By Calvin Freiburger

The EPA under the Biden administration awarded $2 billion to a ‘green energy’ group that appears to have been little more than a means to enrich left-wing activists.

The U.S. Environmental Protection Agency (EPA) under the Biden administration awarded $2 billion to a “green energy” nonprofit that appears to have been little more than a means to enrich left-wing activists such as former Democratic candidate Stacey Abrams.

Founded in 2023 as a coalition of nonprofits, corporations, unions, municipalities, and other groups, Power Forward Communities (PFC) bills itself as “the first national program to finance home energy efficiency upgrades at scale, saving Americans thousands of dollars on their utility bills every year.” It says it “will help homeowners, developers, and renters swap outdated, inefficient appliances with more efficient and modernized options, saving money for years ahead and ensuring our kids can grow up with cleaner, pollutant-free air.”

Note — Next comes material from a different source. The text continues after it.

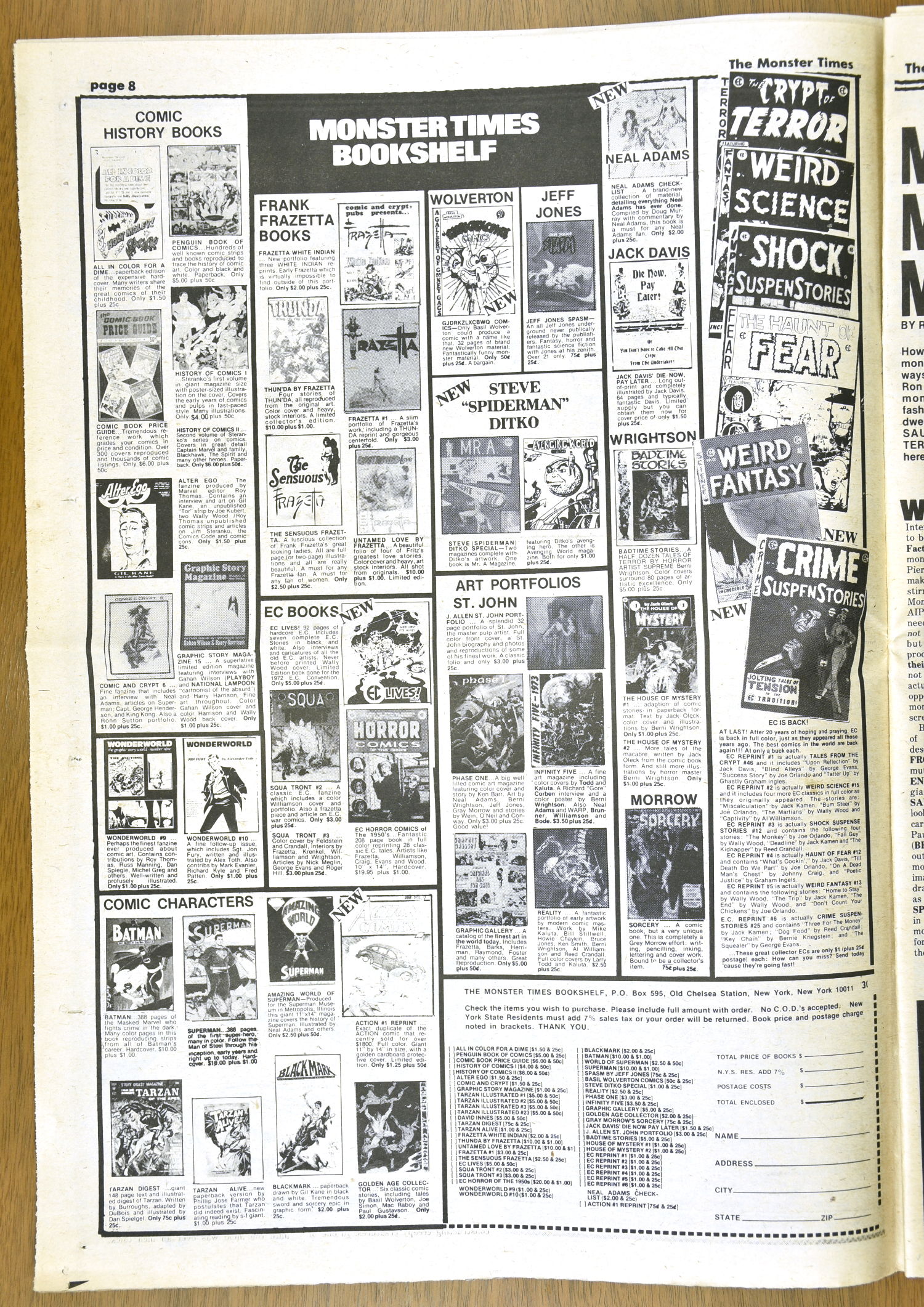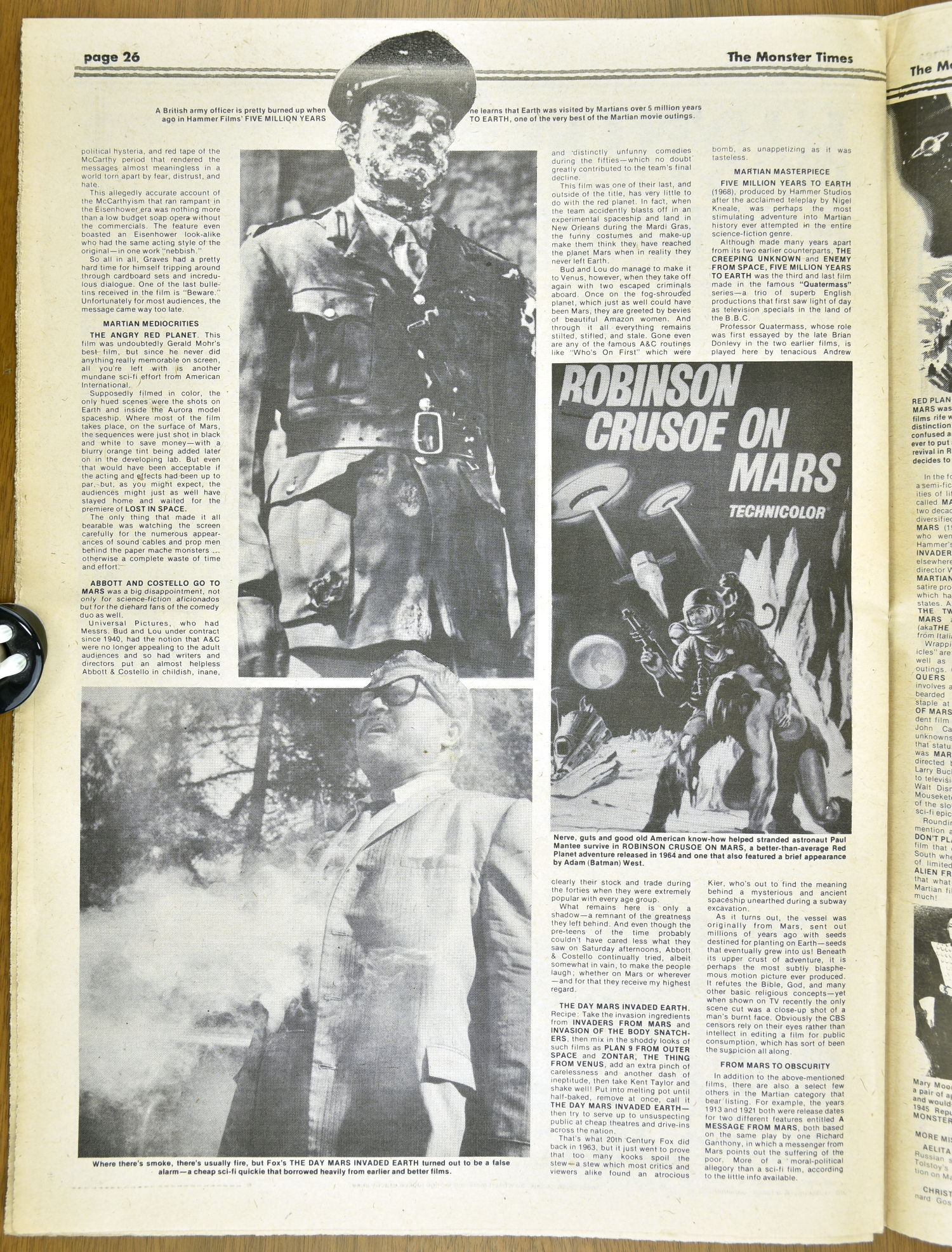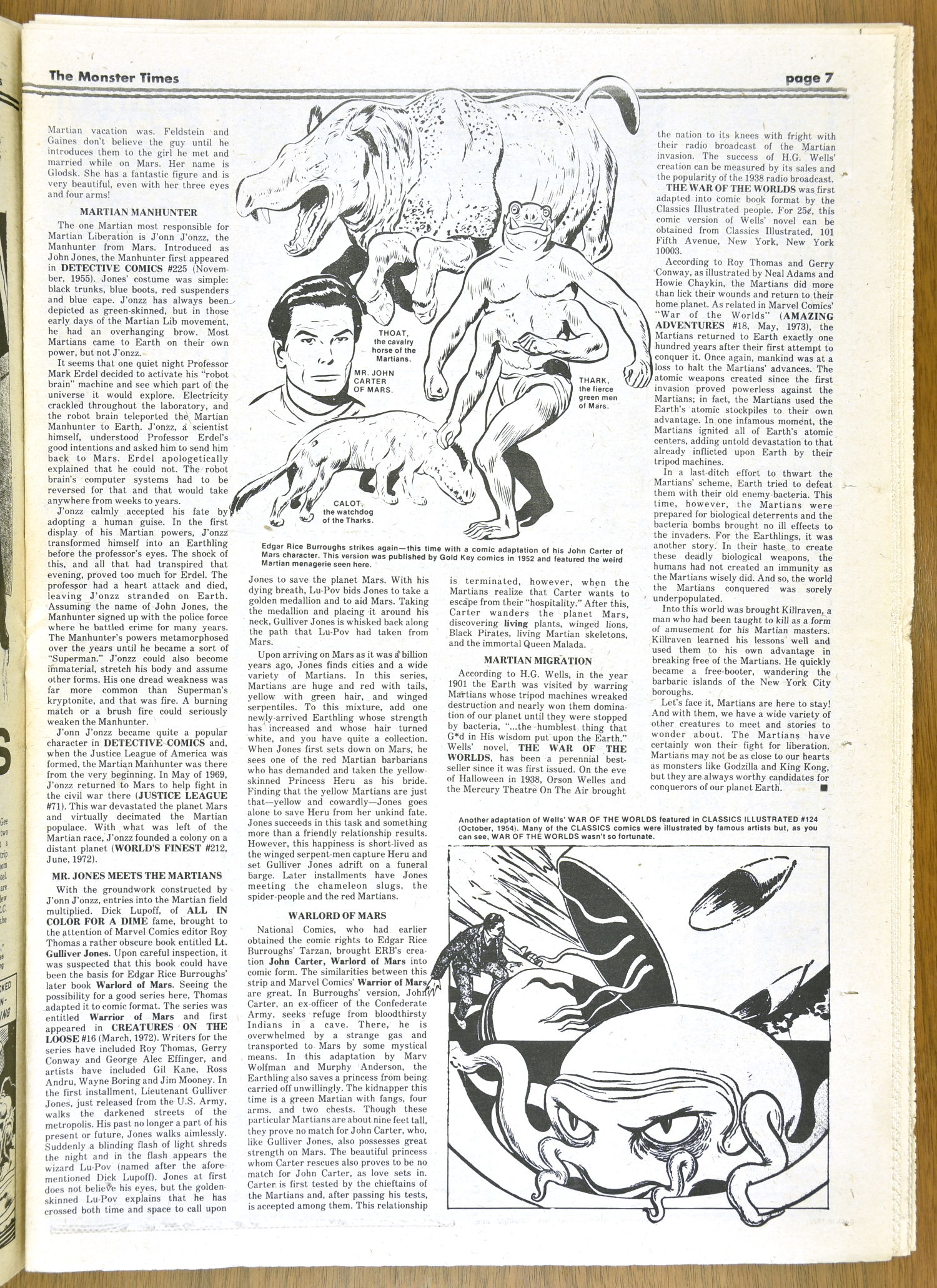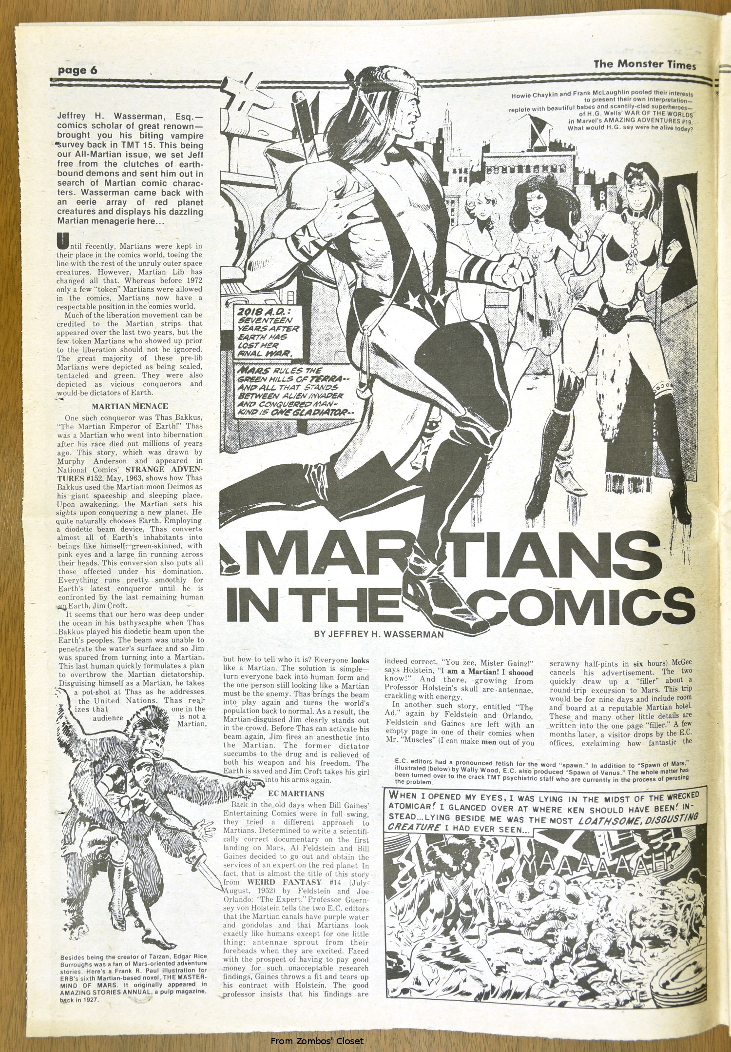 Martians invade this issue of The Monster Times. With an interview with Ray Bradbury, Martian movies covered, Orson Welles terrifying radio version of War of the Worlds, and Martians in the Movies as well as Martians in the Comics, you'll go out of this world.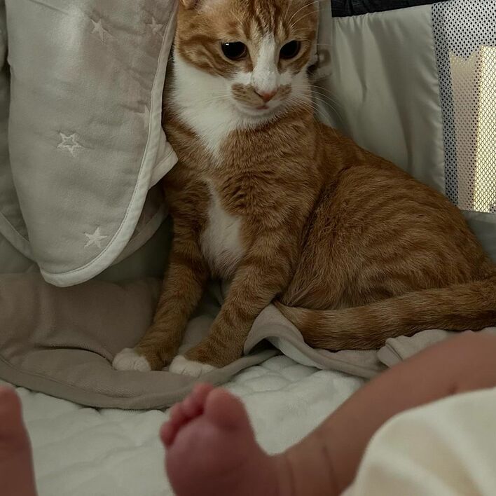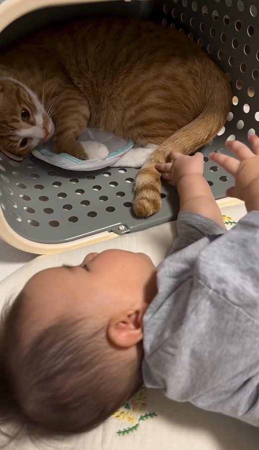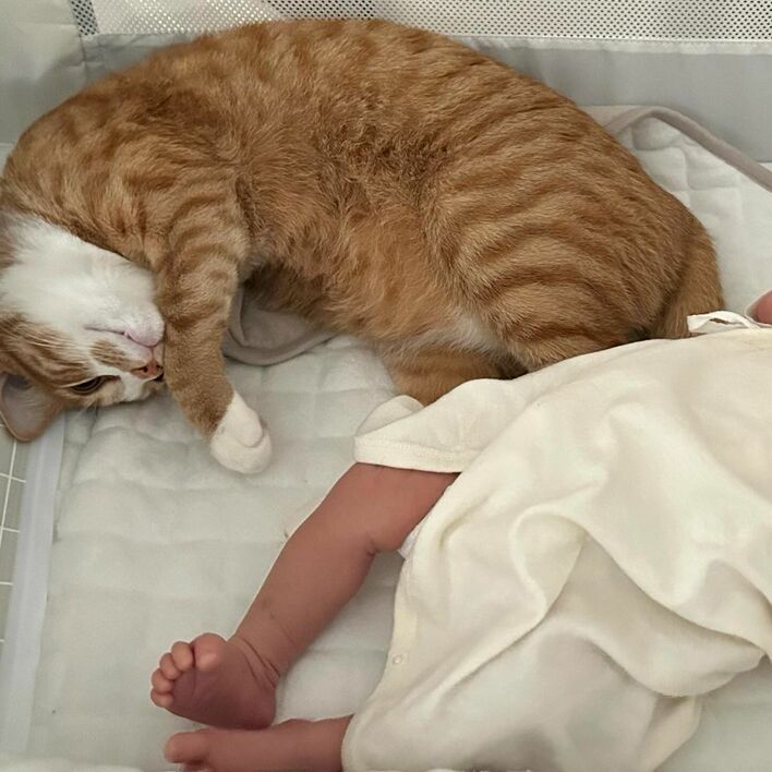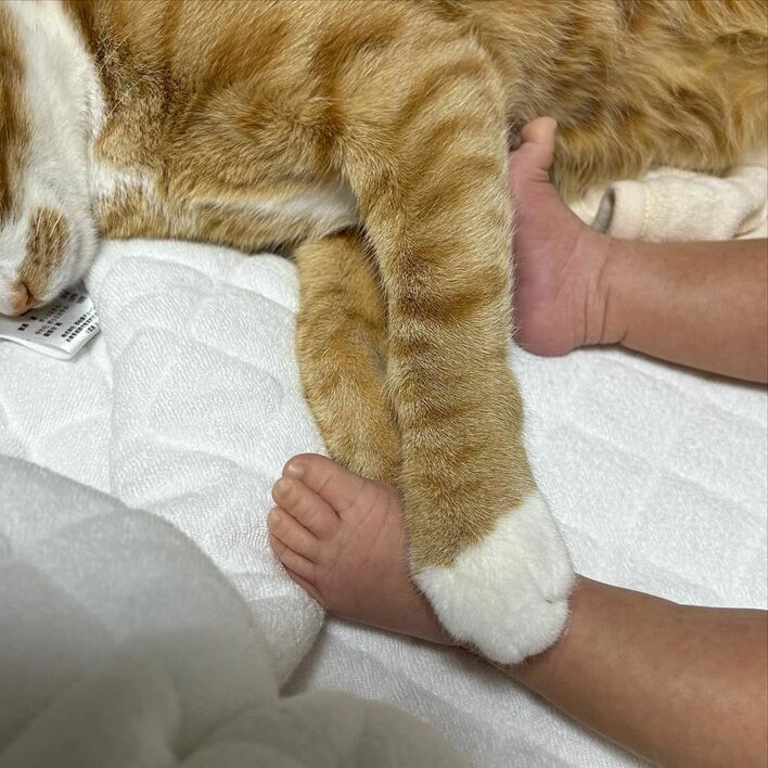 どんな顔やねん!赤ちゃんの足を初めて嗅いだネコの反応に「いい顔してる!」【激かわキッズ&アニマル奇跡の瞬間】

The organization’s website boasts more than 300 member organizations across 46 states but does not detail actual activities. It does have job postings for three open positions and a form for people to sign up for more information.

The Washington Free Beacon reported that the Trump administration’s Department of Government Efficiency (DOGE) project, along with new EPA administrator Lee Zeldin, are raising questions about the $2 billion grant PFC received from the Biden EPA’s National Clean Investment Fund (NCIF), ostensibly for the “affordable decarbonization of homes and apartments throughout the country, with a particular focus on low-income and disadvantaged communities.”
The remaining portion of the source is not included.